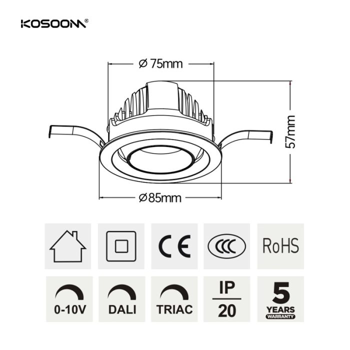 Directo de fábrica personalizado 12W de alta eficiencia Foco LED Downlight900LM Ángulo de haz 120 ° STKRD12-Kosoom
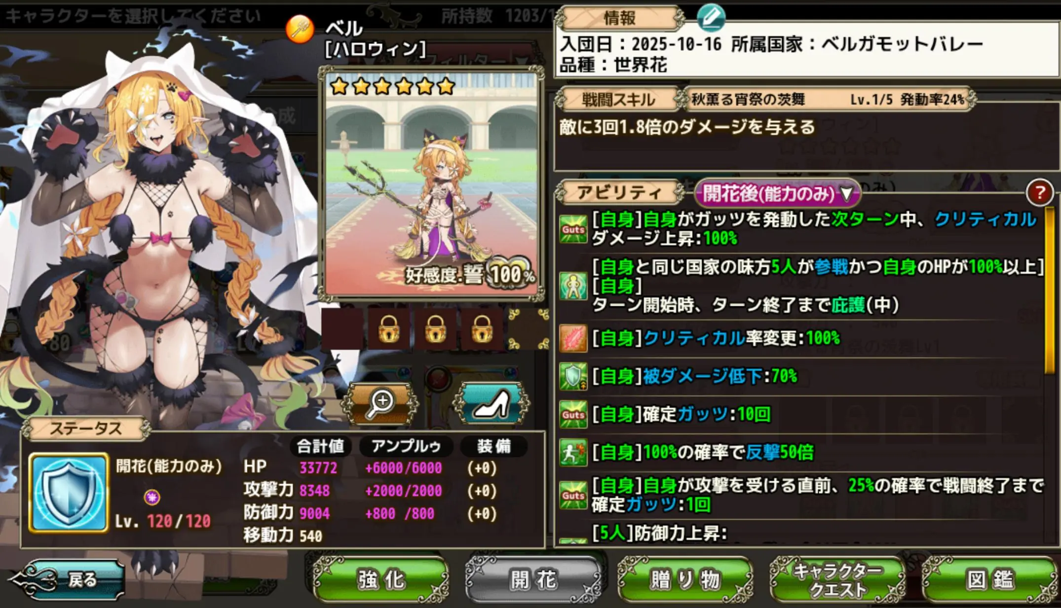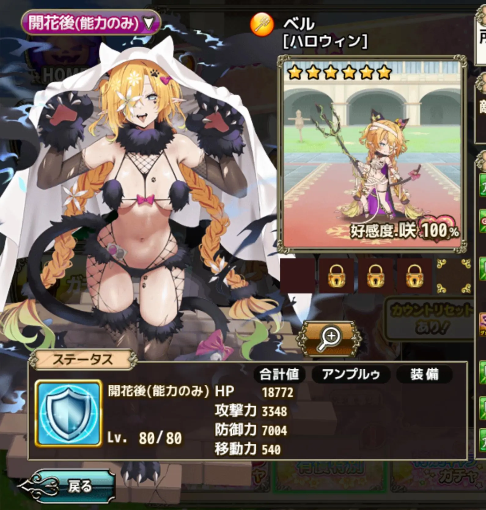 【花騎士】布面積・・・ほぼネ果で叡智なハロウィンの狼さんなベルへの反応!!!
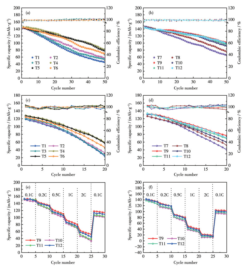 为评估该T9配方的有效性,对不同配方电解液的电化学性能进行了探索。电池测试分别在-20和-40 ℃下实施,如图 1a~1d所示。由图可知,多种添加剂的使用可以显著提高电池在低温条件下的电化学性能。在-20 ℃的条件下,T9电解液的首圈放电比容量为144.65 mAh·g-1,循环50圈后仍保持在102.31 mAh·g-1,容量保持率为70.7%。在-40 ℃条件下,T9电解液的首圈放电比容量为133.05 mAh·g-1,20个循环后仍保持在76.89 mAh·g-1,容量保持率为57.8%。在-20和-40 ℃条件下,T9电解液均展示出了较好的循环稳定性。这说明T9电解液能够提供更高的锂离子传输速率,这有利于锂离子的迁移,进而能够提供更优的低温性能。另外,通过分析库仑效率可以看出,库仑效率越高,电池在每个充放电循环中损失的容量越小,这表明T9电解液的使用减少了低温循环中锂离子的损失,从而增加了电池的循环寿命。T1~T12在低温下的容量保持率见表S3。
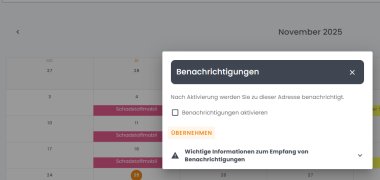 Beim nächsten Öffnen der App wird direkt der Kalender der gewählten Liegenschaft angezeigt.Benachrichtigungen für mehrere Liegenschaften anlegen:
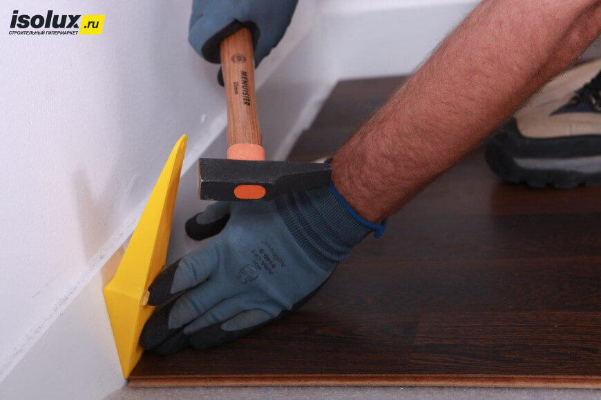 6. Подгонка и фиксация: Для плотной посадки используйте резиновый молоток и подбойник, аккуратно простукивая доски через брусок, чтобы не повредить замок.
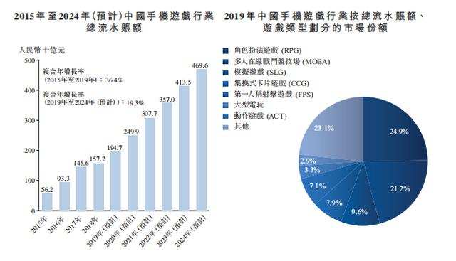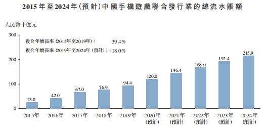 中国的手机游戏行业自2016年以来一直在主导中国的线上游戏市场。手机网络游戏的总流水由2015年的562亿元增长到至2019年的1947亿元,复合年增长率为36.4%。随着智能手机使用量不断增加以及移动互联网技术的突破,手游市场预计将成为利润最高已经增长最快的分部,预计在2024年实现占整个网络游戏行业80.3%。
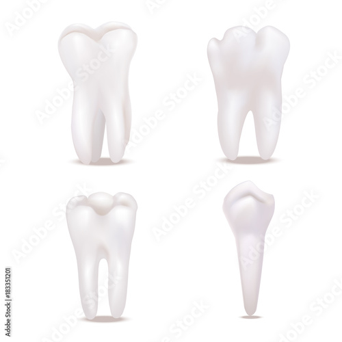 Realistic Detailed 3d White Healthy Teeth Icons Set. Vector
--
### EXERCISE DIRECTIONS
Exactly as written, please copy out the whole set of records, skipping images.

### SOLUTION TO THIS EXERCISE
 Directo de fábrica personalizado 12W de alta eficiencia Foco LED Downlight900LM Ángulo de haz 120 ° STKRD12-Kosoom
 【花騎士】布面積・・・ほぼネ果で叡智なハロウィンの狼さんなベルへの反応!!!
 为评估该T9配方的有效性,对不同配方电解液的电化学性能进行了探索。电池测试分别在-20和-40 ℃下实施,如图 1a~1d所示。由图可知,多种添加剂的使用可以显著提高电池在低温条件下的电化学性能。在-20 ℃的条件下,T9电解液的首圈放电比容量为144.65 mAh·g-1,循环50圈后仍保持在102.31 mAh·g-1,容量保持率为70.7%。在-40 ℃条件下,T9电解液的首圈放电比容量为133.05 mAh·g-1,20个循环后仍保持在76.89 mAh·g-1,容量保持率为57.8%。在-20和-40 ℃条件下,T9电解液均展示出了较好的循环稳定性。这说明T9电解液能够提供更高的锂离子传输速率,这有利于锂离子的迁移,进而能够提供更优的低温性能。另外,通过分析库仑效率可以看出,库仑效率越高,电池在每个充放电循环中损失的容量越小,这表明T9电解液的使用减少了低温循环中锂离子的损失,从而增加了电池的循环寿命。T1~T12在低温下的容量保持率见表S3。
 Beim nächsten Öffnen der App wird direkt der Kalender der gewählten Liegenschaft angezeigt.Benachrichtigungen für mehrere Liegenschaften anlegen:
 6. Подгонка и фиксация: Для плотной посадки используйте резиновый молоток и подбойник, аккуратно простукивая доски через брусок, чтобы не повредить замок.
 中国的手机游戏行业自2016年以来一直在主导中国的线上游戏市场。手机网络游戏的总流水由2015年的562亿元增长到至2019年的1947亿元,复合年增长率为36.4%。随着智能手机使用量不断增加以及移动互联网技术的突破,手游市场预计将成为利润最高已经增长最快的分部,预计在2024年实现占整个网络游戏行业80.3%。
 Realistic Detailed 3d White Healthy Teeth Icons Set. Vector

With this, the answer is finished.